→ Exercise material

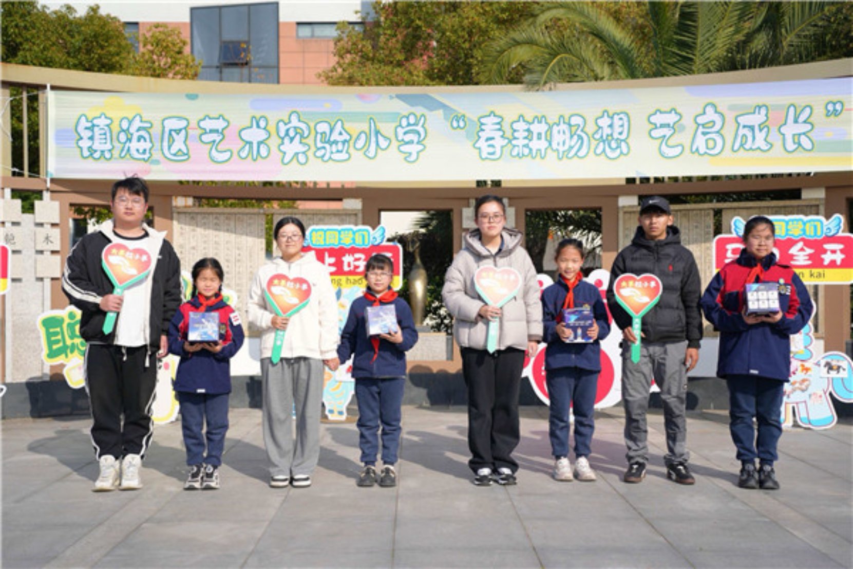 春回大地,万物复苏。宁波市镇海区艺术实验小学将传统春耕文化与植树节的绿色理念相融合,在校园“八音壁”隆重举行了“春耕畅想 艺启成长”主题活动。三至五年级全体学生、艺耕园种植学伴小组以及宁波大学学生代表共同参与了这场充满泥土芬芳与生命力的劳动盛会。
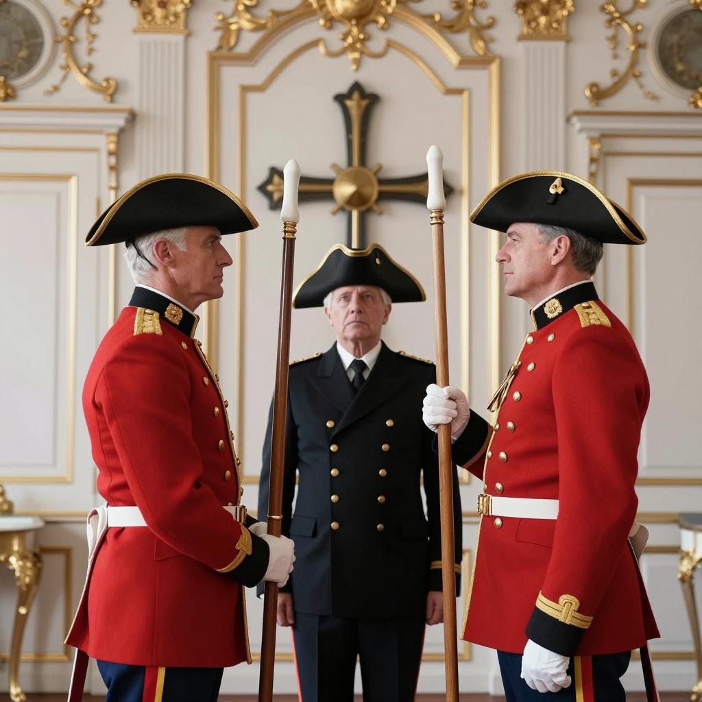 Five male soldiers in a row, wearing 18th-century British military uniforms with red coats, white waistcoats, and black tricorn hats. They have brown hair, white shirts, and brown sashes. Their faces are serious and focused. Background includes more soldiers in similar uniforms. Soldiers hold a metal railing.
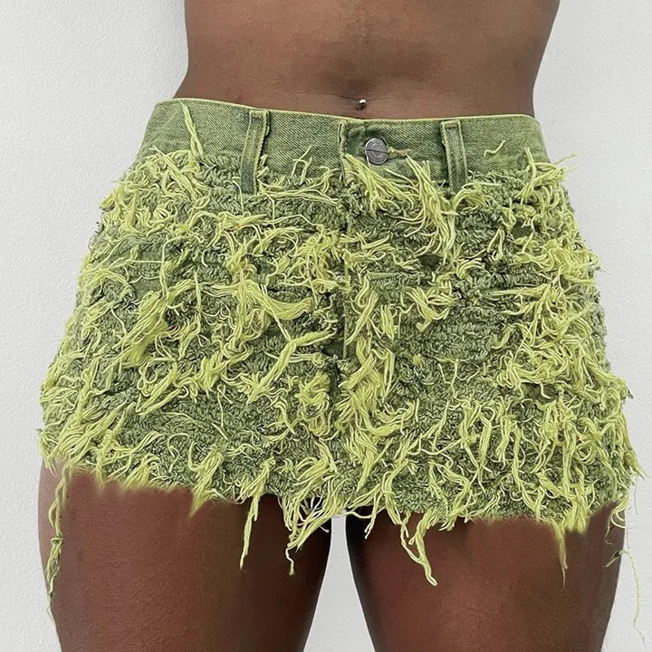 Elevate your style with our Rodeo Tassel Mini Skirts. The ragged fringe accent adds a touch of boho-chic to this trendy and fashionable mini skirt. Perfect for any occasion, this skirt will have you looking effortlessly stylish. Compliment your wardrobe with this must-have piece.
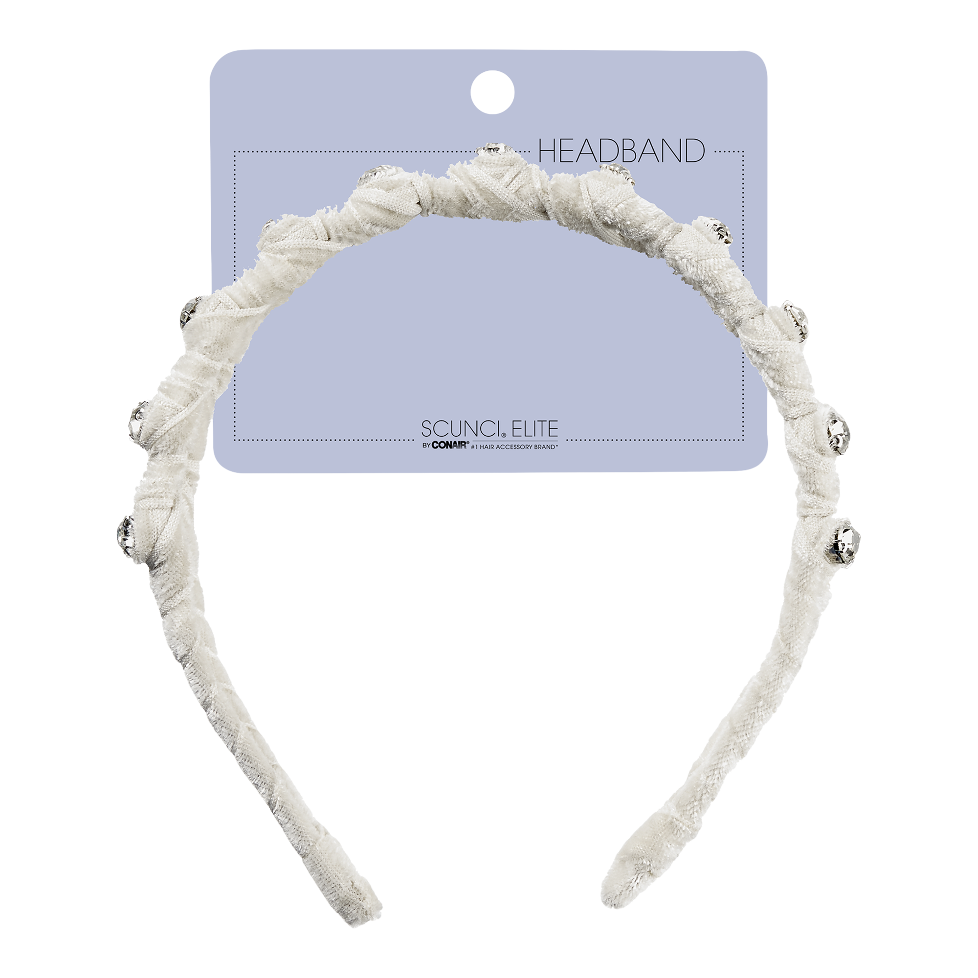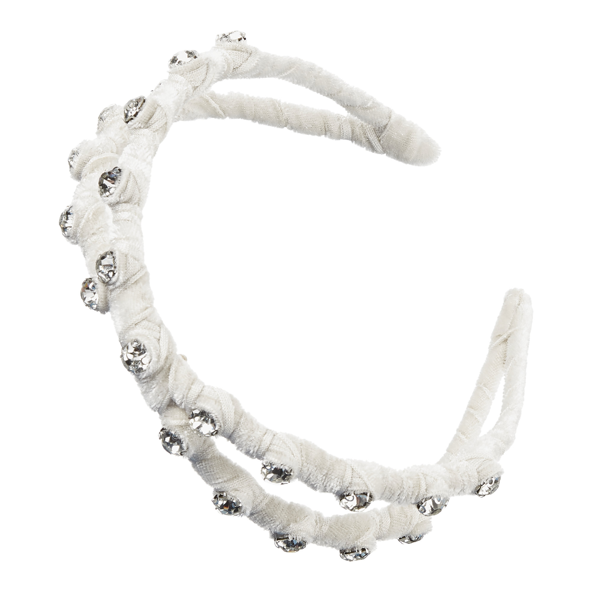 Make a statement with this stunning Scünci double-row headband. Wrapped in luxurious ivory velvet and adorned with faux crystal stones, this accessory slides on easily to instantly add glamour to any look.
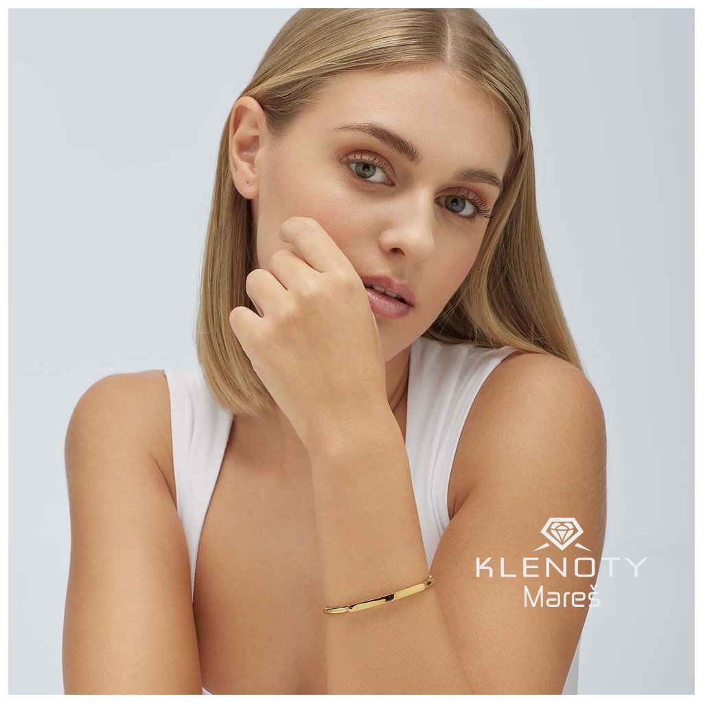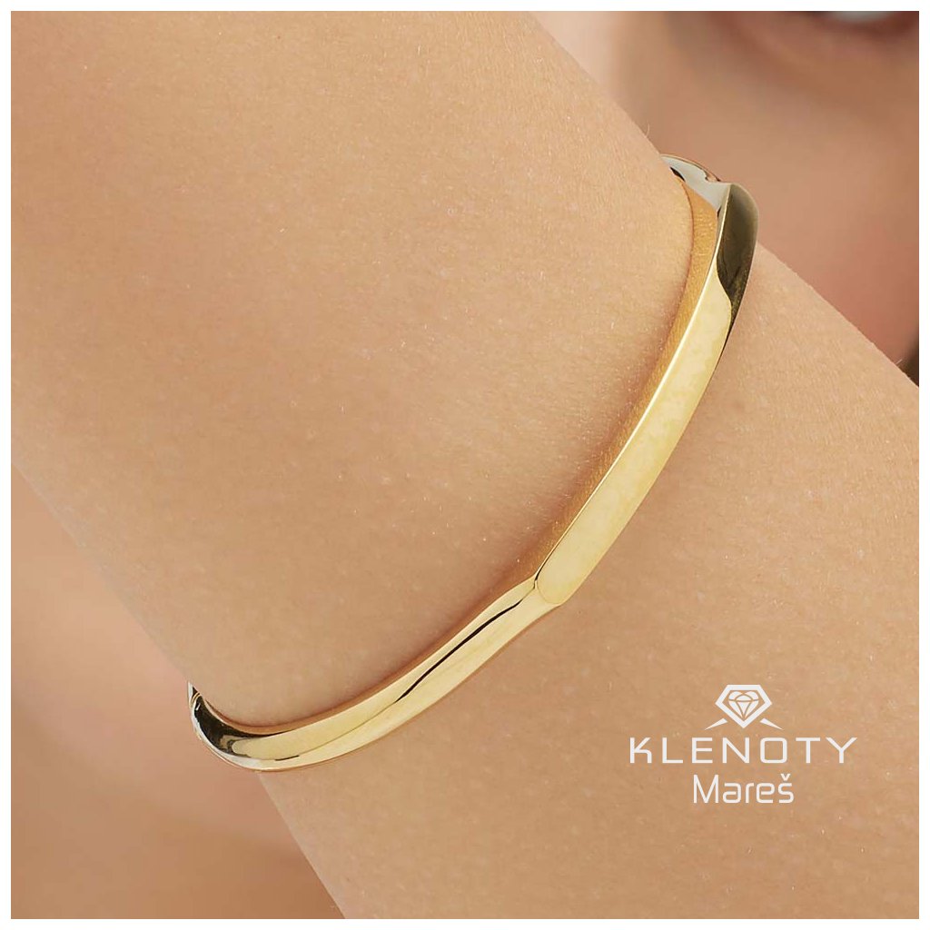 Pevný náramek v chirurgické oceli ve žluté povrchové úpravě.

→ What the exercise asks
Images are to be left out when the records above are written out again exactly.

→ Answer for the task
 春回大地,万物复苏。宁波市镇海区艺术实验小学将传统春耕文化与植树节的绿色理念相融合,在校园“八音壁”隆重举行了“春耕畅想 艺启成长”主题活动。三至五年级全体学生、艺耕园种植学伴小组以及宁波大学学生代表共同参与了这场充满泥土芬芳与生命力的劳动盛会。
 Five male soldiers in a row, wearing 18th-century British military uniforms with red coats, white waistcoats, and black tricorn hats. They have brown hair, white shirts, and brown sashes. Their faces are serious and focused. Background includes more soldiers in similar uniforms. Soldiers hold a metal railing.
 Elevate your style with our Rodeo Tassel Mini Skirts. The ragged fringe accent adds a touch of boho-chic to this trendy and fashionable mini skirt. Perfect for any occasion, this skirt will have you looking effortlessly stylish. Compliment your wardrobe with this must-have piece.
 Make a statement with this stunning Scünci double-row headband. Wrapped in luxurious ivory velvet and adorned with faux crystal stones, this accessory slides on easily to instantly add glamour to any look.
 Pevný náramek v chirurgické oceli ve žluté povrchové úpravě.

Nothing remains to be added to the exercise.